Question: Now I love your little bit on Entourage. Did that give you a taste of being in front of a camera?
Ratner: It gave me a newfound respect for actors because I can definitely say lines as if I’m playing myself, but when the camera’s on me it’s almost impossible to know what to do. It’s like when the camera is on me listening to another actor, when I’m listening to Johnny Drama, that’s like the hardest part of acting is listening. It’s crazy.
Question: Do you relish poking fun at your image? I guess, that have been either manufactured or have been heightened about you in the press?
Ratner: Oh yeah I was just having fun with it. Everyone who knows me knows I don’t do drugs, I don’t drink. I have a serious girlfriend. I’ve dated some girls, but so has everybody else. I just happen to be in the public eye but otherwise I’m a pretty normal guy.

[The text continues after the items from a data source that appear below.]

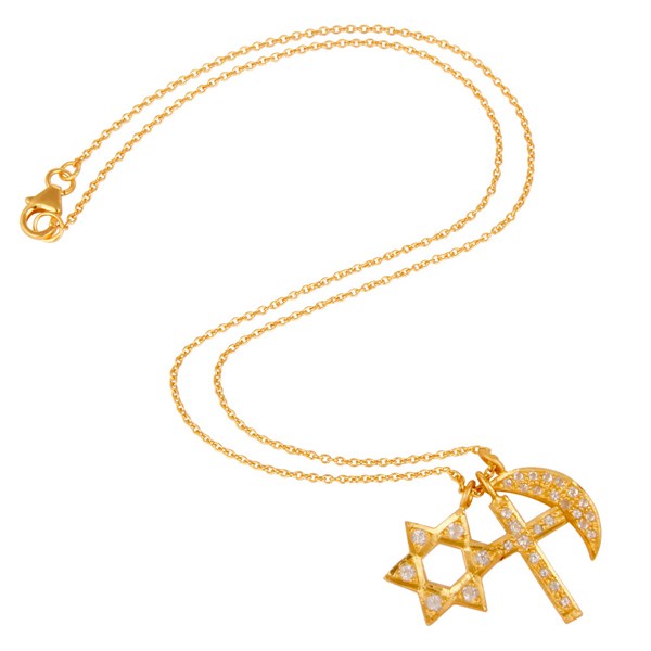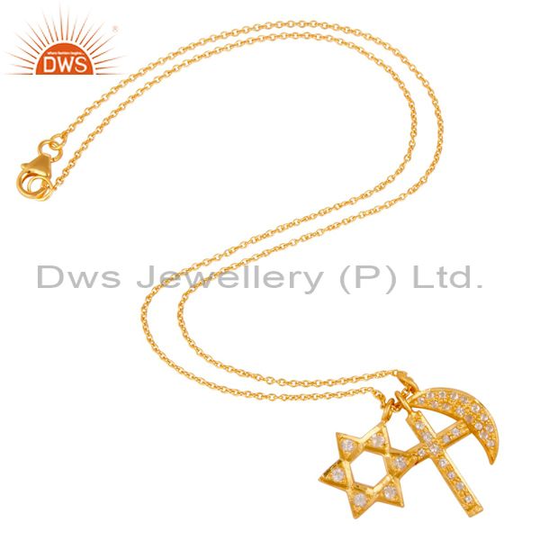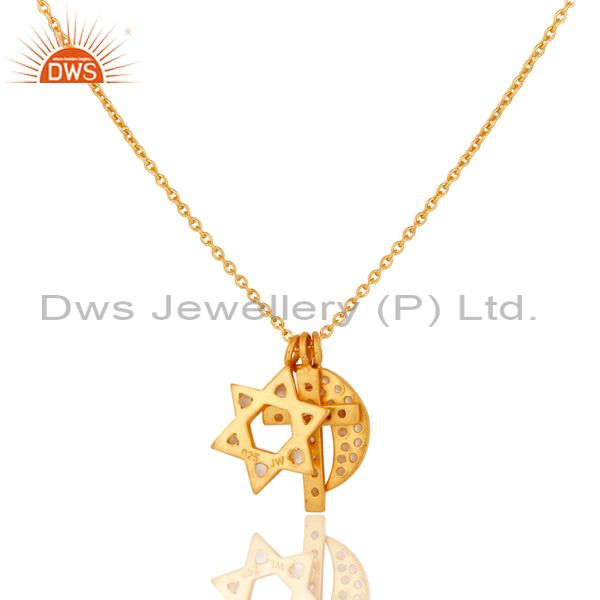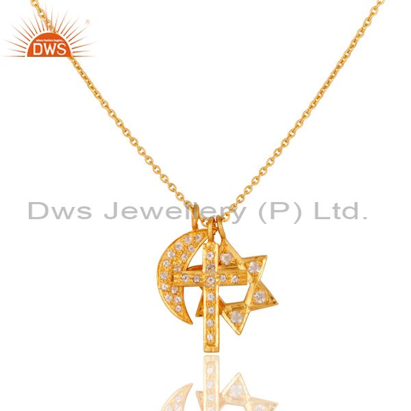 Yellow Gold Plated Silver White Topaz Cross, Half Moon & Star Charms Necklace
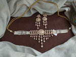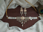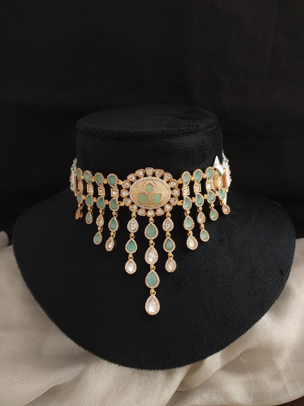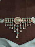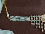 Discover the exquisite allure of our Uncut Kundan Diamond Pearl Choker Set. This stunning piece is meticulously crafted with uncut diamond stones, featuring intricate meenakari work at the center. The choker is adorned with pear-shaped danglings at the bottom, creating an elegant and sophisticated look. Complemented by matching dangling earrings, this set is available in two soft pastel colors: mint and baby pink. Perfect for special occasions, this choker set effortlessly combines traditional craftsmanship with contemporary elegance, making it a must-have addition to your jewelry collection.
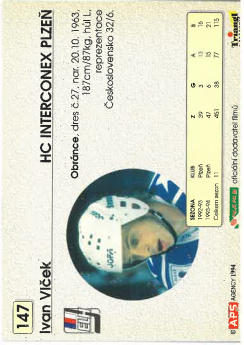 1994-95 APS Ivan Vlček HC Interconex Plzeň č. 147
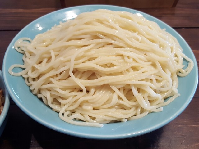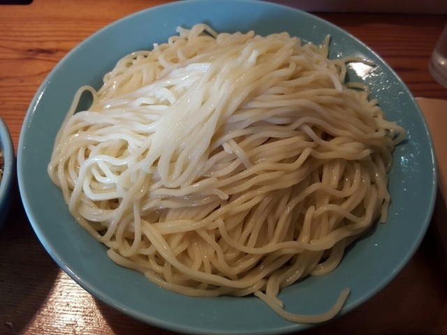 ここのつけ汁は、千切りのチャーシュー・メンマ・ナルト、そしてネギが入るのが基本(基本具)ですが、今回はこれにメンマが入っています。そして、相変わらずつやっとした綺麗な麺です。ここのお店の麺は、とても美味しいと思います。普通盛りが260gですが、大盛り(1.5倍)にしたので、約390gあります。
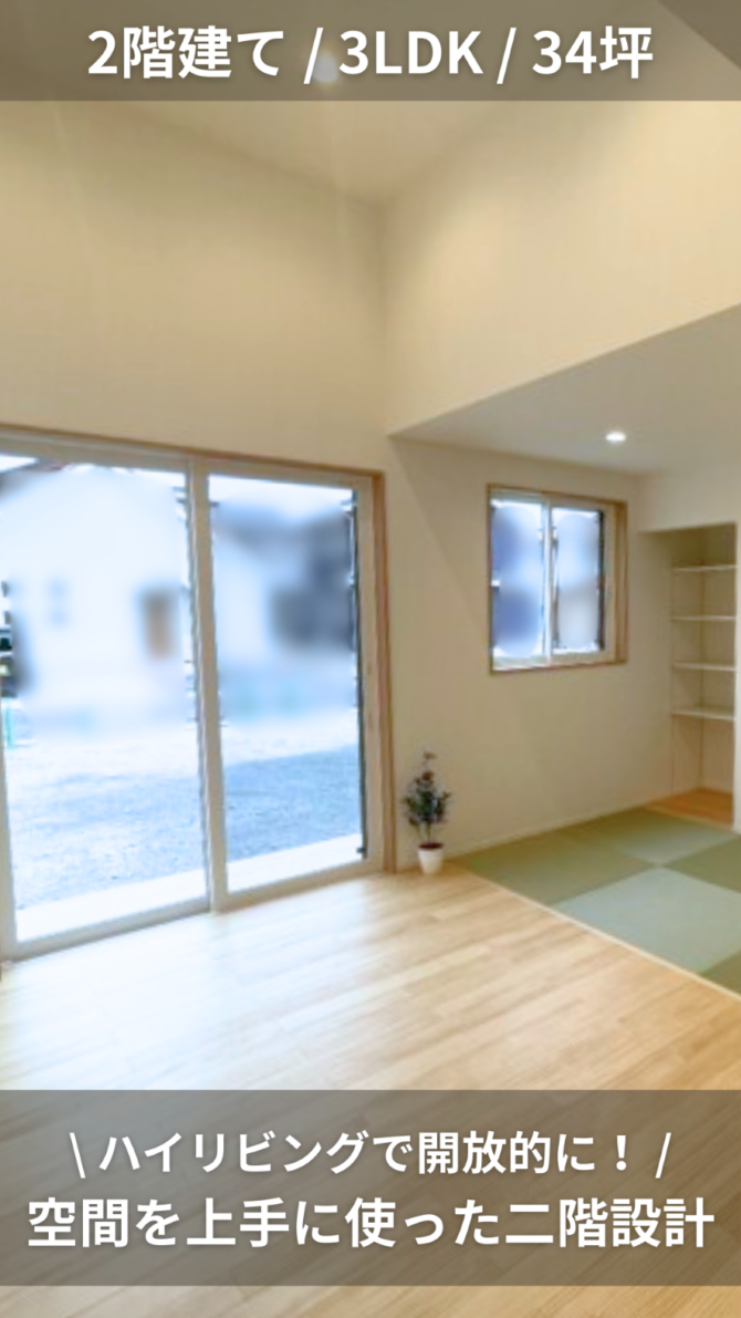 開放的なハイリビング空間を上手に使った二階設計|2階建て / 3LDK / 34坪
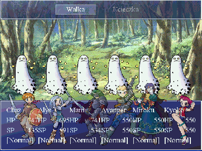 Screen2.png A oto screen z gry przykładowej, która posiada możliwość powiększania drużyny do sześciu postaci. Oryginalna gra mojego autorstwa może już niedługo pojawić się na www.rpgmaker.pl. Grę zrobiłem w RPG Makerze XP. Paleta oryginału 3 bajty, wrzucone 1. |
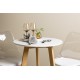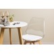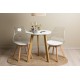 Skab en modebevidst følelse i dit hjem! Det runde spisebord Leonora har en rund top i hvid MDF og et trebenet stel i en dejlig egetræslook. Her sammen med smarte og trendy spisestole fra Edvin-serien. Det transparente sæde er i PET med en hvid sædehynde for ekstra komfort, og stolens ben er let udadgående i naturligt træ. Denne kombination udstråler virkelig trendiness! Bordets diameter: 65 cm.
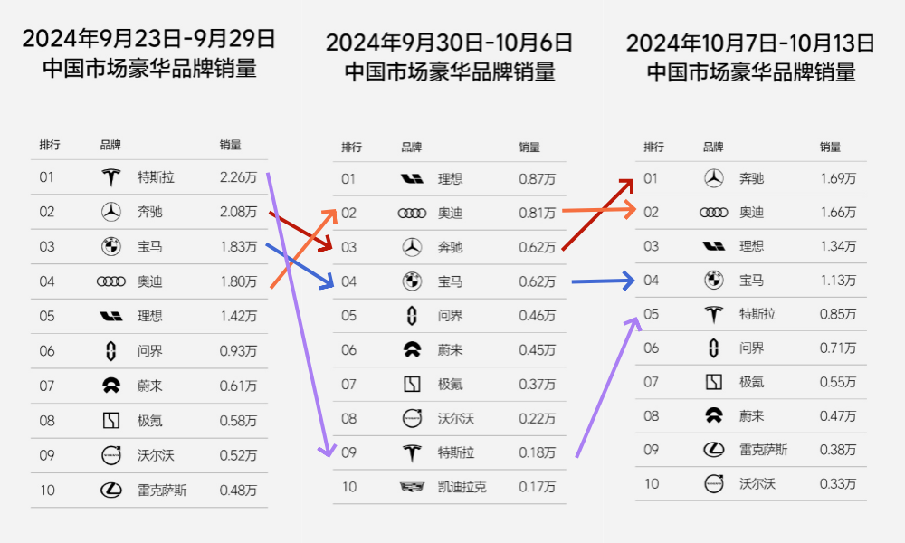 03 特斯拉周销升至豪车第五,却再被理想BBA赶超
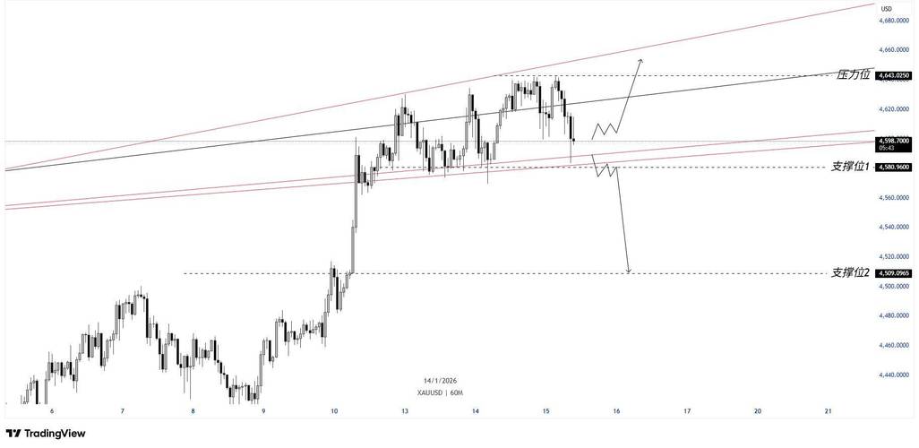 从趋势延伸角度看,若价格有效消化 4700 上方的抛压并完成横向整理,不排除进一步向 4816 美元一线的上方阻力区发起冲击,该位置对应更高周期通道目标位及潜在情绪推动下的延伸空间。整体而言,只要价格仍维持在上升通道内部运行,且未有效跌破 4596 美元关键支撑,黄金中期趋势仍偏向震荡走高,当前更倾向于高位强势整理而非趋势反转,短线波动主要取决于风险情绪变化与宏观事件对市场预期的扰动。
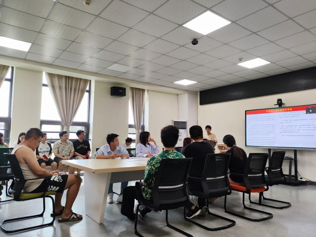 “全体起立,举起右拳,跟我宣誓……”张银带领全体党员重温入党誓词。罗丽娅对本月党支部党费收缴情况简要说明。罗丁钒为全体党员做《井冈山精神》微党课讲授。常浩雯、吴雅琴带领全体党员学习党的创新理论。“作为新时代的毕业生党员,我们肩负着模范引领的重要使命。我们必须时刻严于律己,在面对重大问题和是非判断时,我们要坚守正确的政治立场,始终同党中央保持高度一致。”陈会丽、江冰、陈悦等结合日常学习生活和工作,交流研讨《中国共产党纪律处分条例》学习心得。
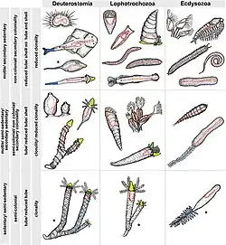 - ^ Dewel, R. A. (January 2000). "Colonial origin for Eumetazoa: major morphological transitions and the origin of bilaterian complexity". Journal of Morphology. 243 (1): 35–74. doi:10.1002/(SICI)1097-4687(200001)243:1<35::AID-JMOR3>3.0.CO;2-#. ISSN 0362-2525. PMID 10629096.

I mean I have a disco in my house yeah, but I didn’t put it there, as it was in the house when I bought it. I’m very serious about my work.
Question: Do you think the Heffner film will be next for you or do you think you’ll take a break now?
Ratner: I think I might do the Eddie Murphy movie probably next, depending on which comes first. But Eddie Murphy came to me with this idea to do a movie with all the comedians, with Chris Tucker – like this is his dream team – we haven’t gotten these actors yet, but Chris Tucker, Chris Rock, Dave Chappelle, Jamie Foxx in one movie. And they all work in the Trump Towers, blue collar workers and one’s a door man and one’s a security guard and one’s a janitor. And they rip off the Trump Tower.
Question: Will the entire budget be these guys’ payday?
Ratner: No because we’re going to do it the way that Ocean’s Eleven did it, where they created deals or something.